On the 10th day after noble silence ended, I felt sadness in my heart. The silence had been healing for me, giving me a reprieve from worrying about how my words would be perceived, how my actions could be interpreted. The silence gave me an illusion of safety. When it ended and the students filed out of the meditation hall, I heard voices chirp in excitement, almost as though they were bursting out. I felt disconnected from that sense of joy, alone in my sadness. I chose to go into my pagoda cell for another hour rather than join the others, who apparently felt freed from their silence. Afterwards, I walked into the dining room with some trepidation and with near disbelief at all the energetic chatter. How could all these ladies be so happy? For about 10 minutes I felt loneliness in a room full of women, eating slowly and trying to capture the silence from before, before my neighbor came over and stood by me. “Hi”, she said. “I just wanted to tell you how much I admired your sitting”…and for that moment on, my defenses broke down. I started chatting with my other neighbors and even with the male students who were in the hallway.

On that last day, I understood that we may be alone but we don’t have to isolate ourselves. That is a choice we can make for ourselves. I came into the course feeling like an outsider and I had held on to that feeling until the every end not understanding that it was a barrier to being myself. When my neighbor approached me in that dining room, she broke my self erected barrier. With her act of friendship that was also very kind, I started to realize how we had all started at the same place of being strangers to one another, all us of searching for something. From that realization, I decided intentionally to be different than the day before. I would be who I was, as true to my nature as I knew how. If others chose not to like me then, that was ok. I had done my part.

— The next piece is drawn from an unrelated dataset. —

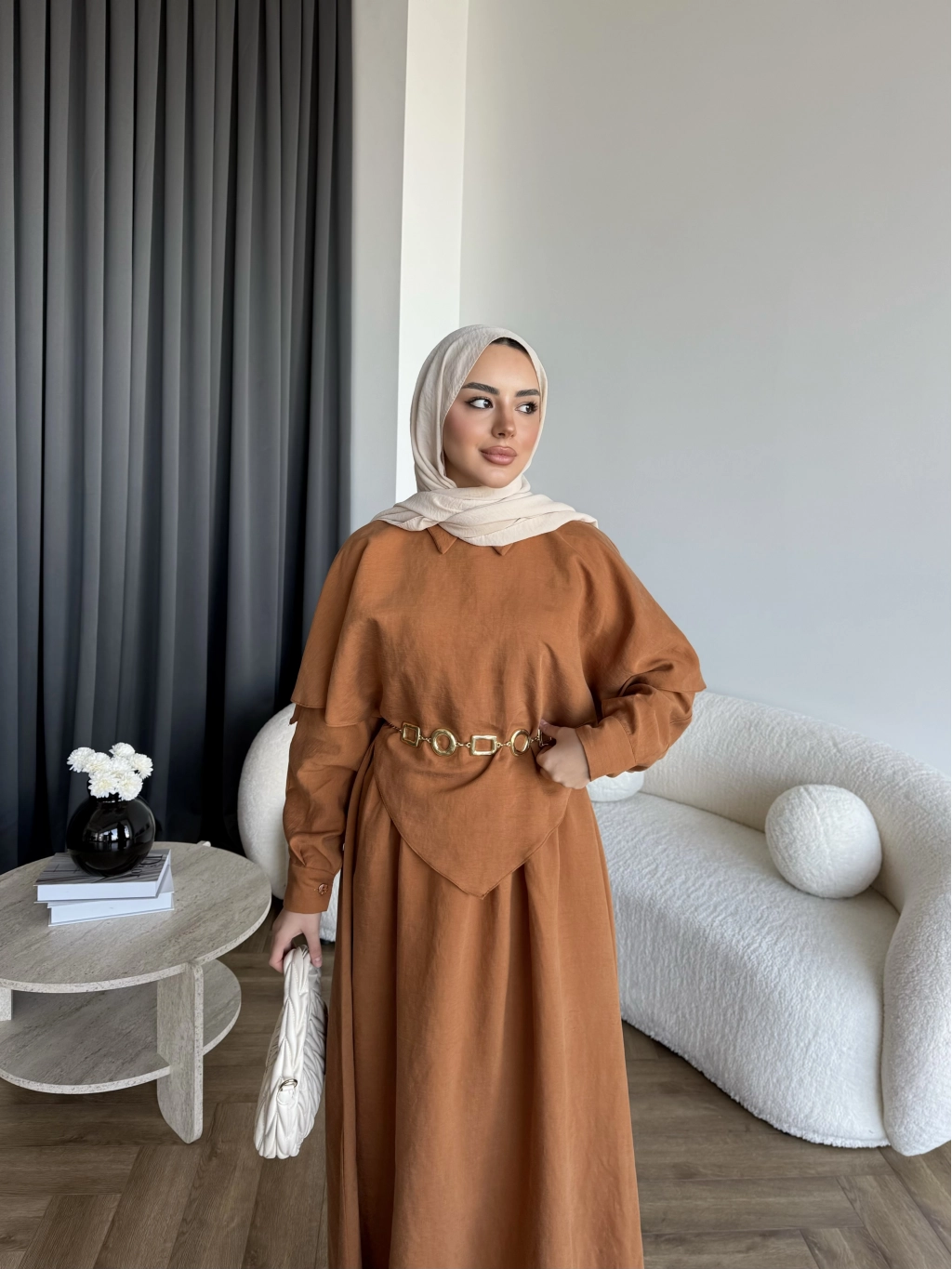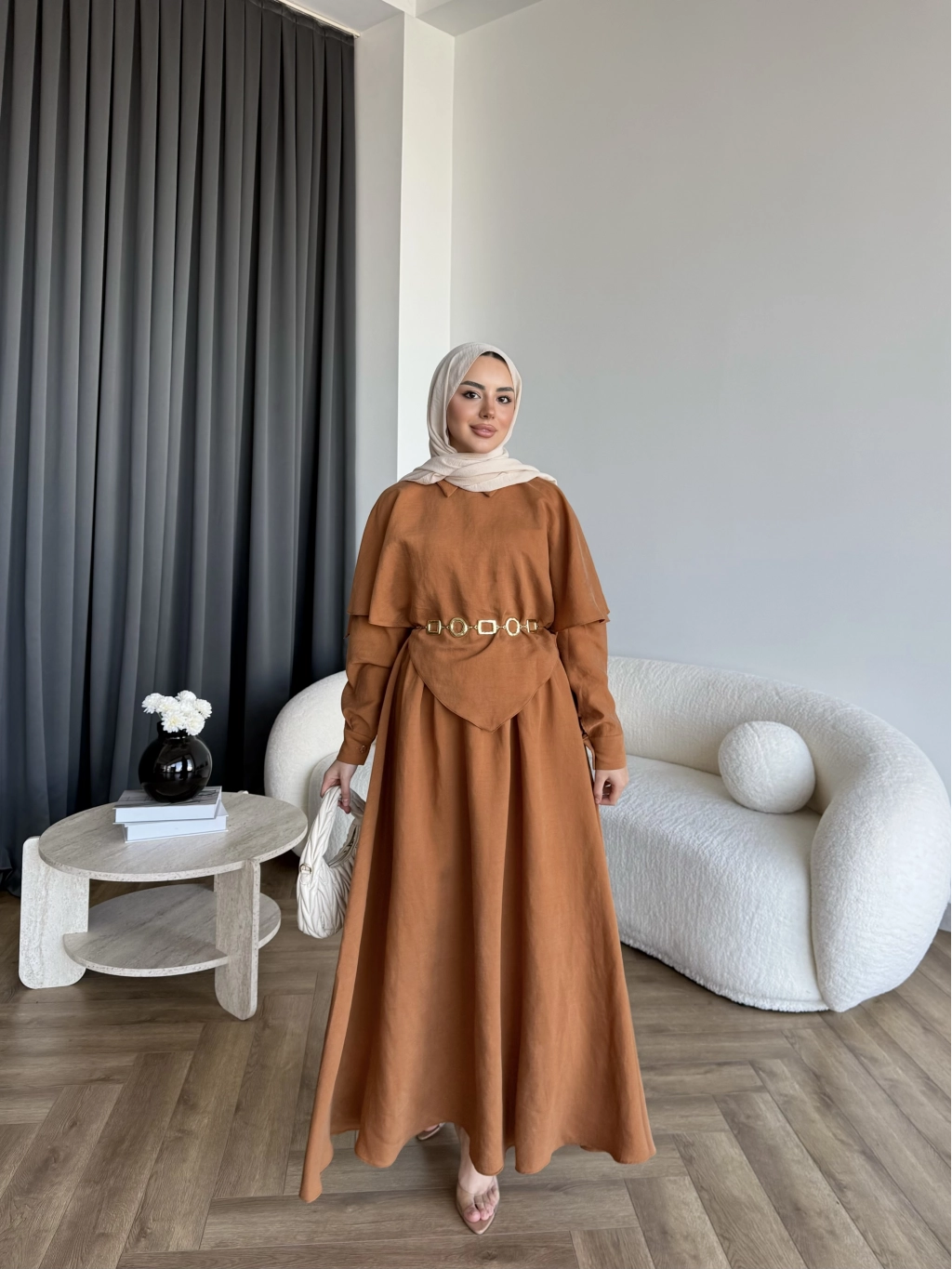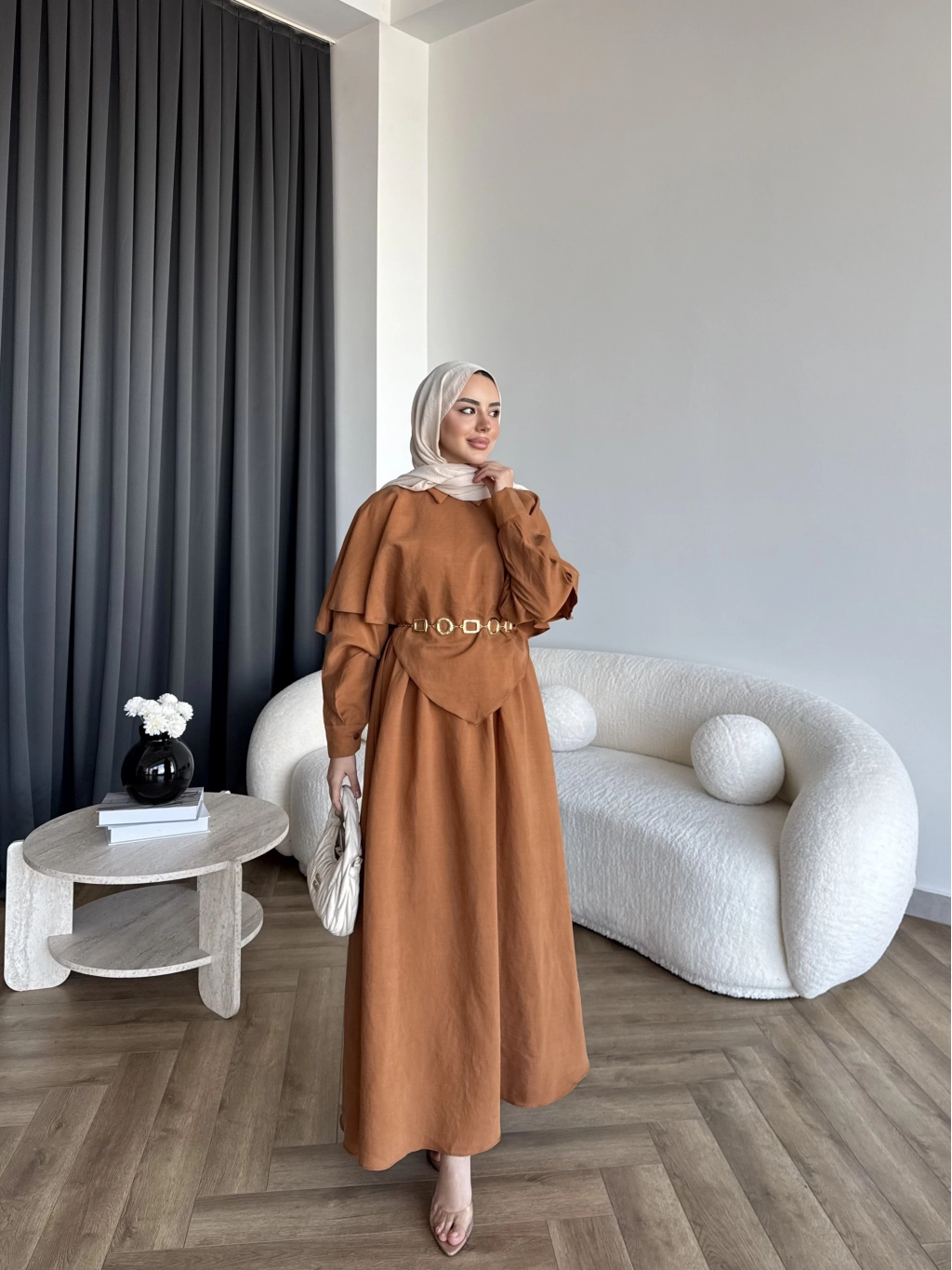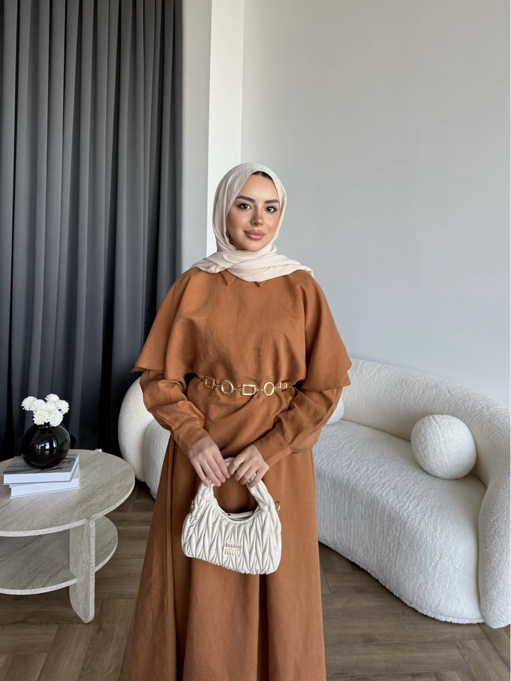 Qu - Aller Pelerinli Modal Elbise - Kiremit

8. Be the person that breaks the barrier to a connection. The person on the other side may just well thank you for doing what they wanted but could not do. Reach out to a friend or a family member that you don’t normally converse with to say hi. Smile at a stranger in line for coffee. It truly doesn’t require much to make a connection.

9. Our life long challenges are not going to simply disappear after a 10 day course, regardless of how powerful it is. At the end of the 10 days, I wasn’t transformed into a person of my dreams, free of social anxiety, courageous in speaking my thoughts, but I was more acutely aware of my intuition and also the need for action. It takes work and constant awareness of our thoughts which lead to different actions. It’s work but it’s a worthwhile life long endeavor.